## WHAT THE TASK REQUIRES
Within the listing that follows, reproduce exactly the lines starting at the line with "Virtual WiFi Miniport" and ending at the line with "ක්රිකට් තේරීම් කමිටුව", inclusive, and only those. Pictures are dropped.

----

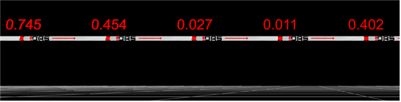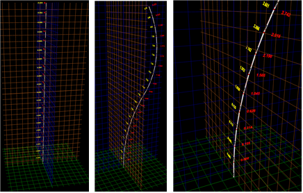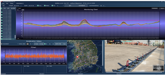 테스트 밴치(김제)의 값을 실제 3D 현상에 적용할 수 있게 되어 있는데 모니터링을 위해 항상 마지막 값을 표현하게 하였다. 아래 이미지에서 보듯이 총 길이 30M에서 수 mm의 변위는 실제 형상에서 유안으로 구분이 안되는 형상 변위이다. 그래서 이를 30배 증폭 시켜서 표현을 할 수 있도록 하였다.
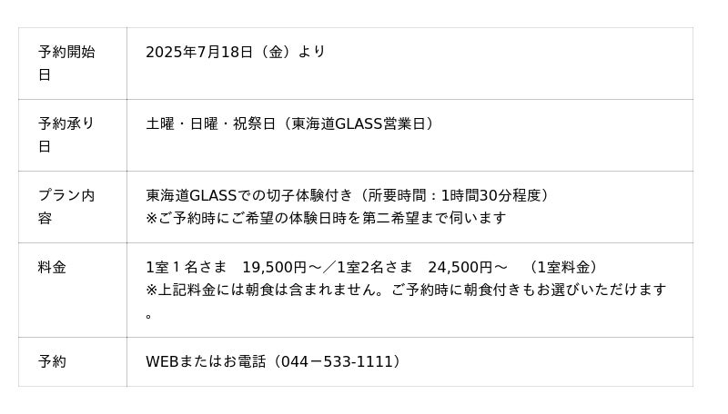 「東海道GLASS 切子体験付き宿泊プラン」 概要
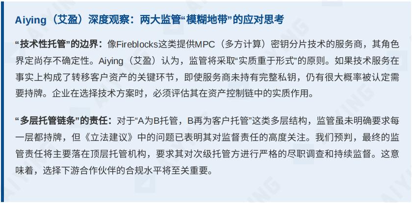 根据《立法建议》第 2.13 段,任何以业务形式「代客户保管虚拟资产」或「保管能转移客户虚拟资产的工具(包括但不限于私钥)」的实体,都将被纳入监管范围。这一定义具有显著的「穿透式」特征,核心在于是否掌握客户资产的实际控制权。
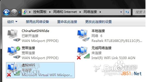 3、然后再打开“网络和共享中心”--“更改适配器设置”看看是不是多了一项,若果有多出的这一项“Microsoft Virtual WiFi Miniport Adapter”,那么说明你前边的设置是真确的。
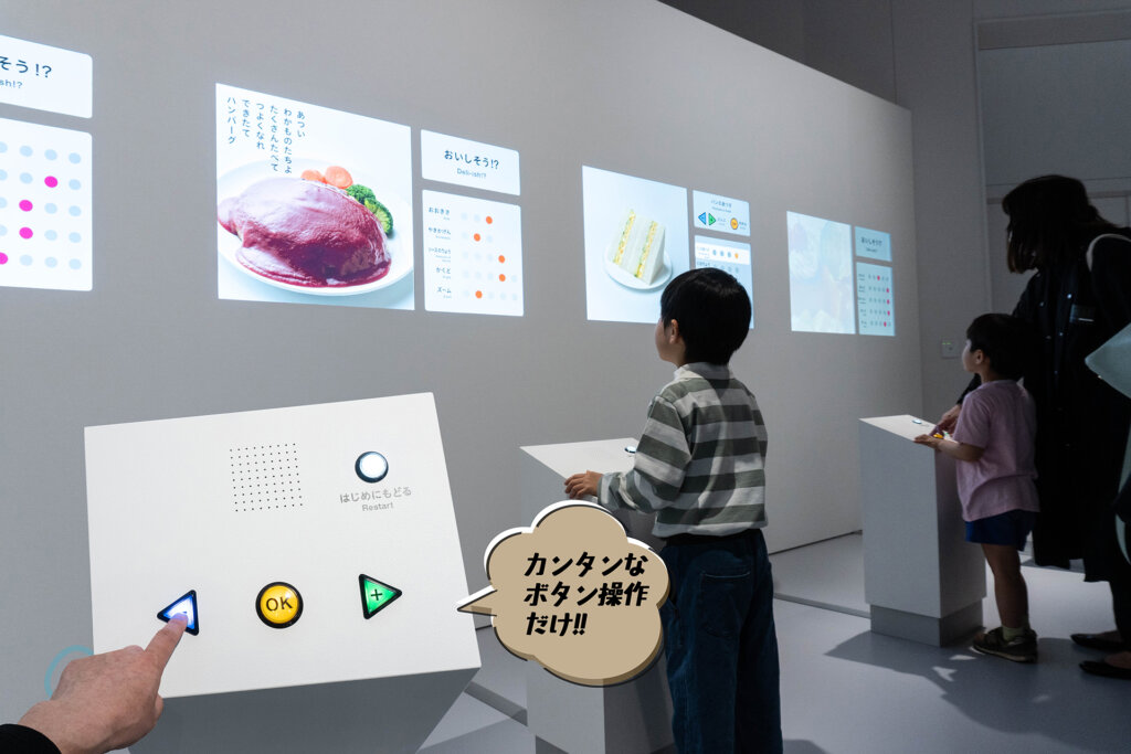 《おいしそう!?》は、対象メニューをボタンを操作してお好みの仕様に変更する体験コンテンツ。
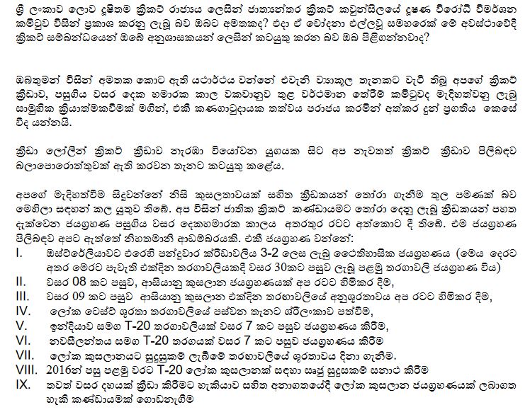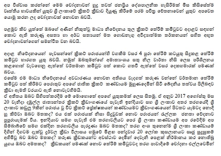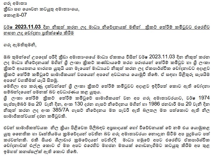 ක්රිකට් තේරීම් කමිටුව ක්රීඩා අමාත්ය රොෂාන් රණසිිංහ වෙත යොමු කළ ලිපිය පහතින්.
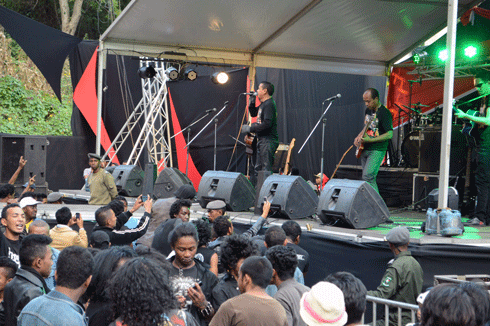 30 ans de vie commune mais toujours aussi épris l’un de l’autre. Dimanche après-midi, Kiaka et son public se sont retrouvés à Antsahamanitra pour célébrer cet évènement qui marque un tournant dans la carrière du groupe. Trente ans de musique et de scène et pas une ride (musicalement parlant). L’arrivée du groupe est chaudement acclamée. Le public est conquis d’avance. « Lay mahantra », « Atolotro anao », « nofy ». Le show fera la part belle à ces titres qui ont marqués ces trente dernières années. Nini alterne les morceaux, oscillant entre folle énergie et moments plus calmes. La communion de Kiaka et de son public crée une jolie dynamique : Nini se lâche sur scène et son public se déchaîne ! Ce dimanche après-midi là, Kiaka nous a proposé un show survolté. On a retrouvé ce groupe engagé aux textes désabusés et aux guitares saturées découvert il y a trente ans. Nini et sa bande nous en mettent plein les yeux, sans oublier les jeux de lumières de grande qualité en fin d’après-midi. Le chanteur se retire parfois pour laisser place au groupe qui se montre au top de sa forme. Jojo, virtuose de la batterie, n’hésite pas à se mettre en retrait pour servir la musique, mais semble tout de même prendre plaisir derrière ses nombreux fûts. Les guitaristes se déchaînent également, offrant au public des prestations magistrales. Kiaka, ce dimanche après-midi là, aura prouvé avoir plus d’une corde à son arc et d’être encore capable de surprendre après tant d’années dans le show business. A ceux qui croient le contraire, non, Kiaka n’entend pas encore décrocher.
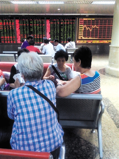 7月2日,东直门一证券交易厅内股民午间休市时在打牌。
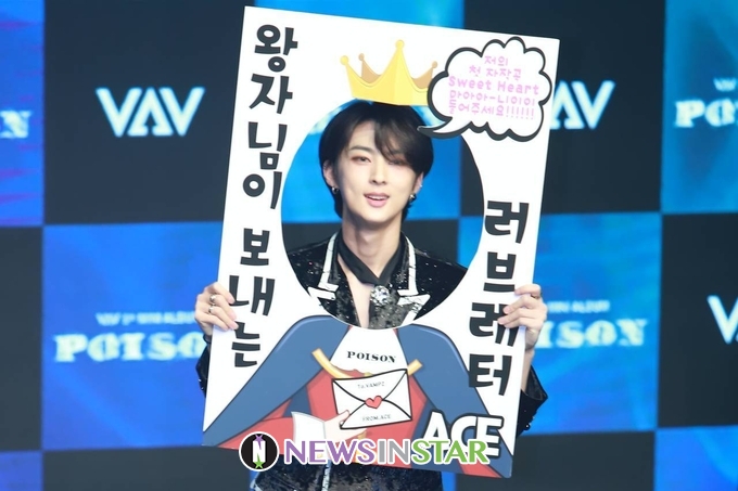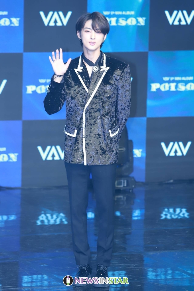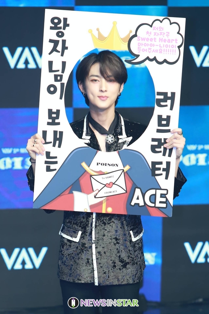 21일 오후 서울시 강남구 청담동 일지아트홀에서 보이 그룹 'VAV(브이에이브이)'의 다섯번째 미니앨범 ''Poison(포이즌)' 발매 기념 쇼케이스가 열려 에이스가 포토타임을 갖고 있다.

----

## FINAL ANSWER
 3、然后再打开“网络和共享中心”--“更改适配器设置”看看是不是多了一项,若果有多出的这一项“Microsoft Virtual WiFi Miniport Adapter”,那么说明你前边的设置是真确的。
 《おいしそう!?》は、対象メニューをボタンを操作してお好みの仕様に変更する体験コンテンツ。
 ක්රිකට් තේරීම් කමිටුව ක්රීඩා අමාත්ය රොෂාන් රණසිිංහ වෙත යොමු කළ ලිපිය පහතින්.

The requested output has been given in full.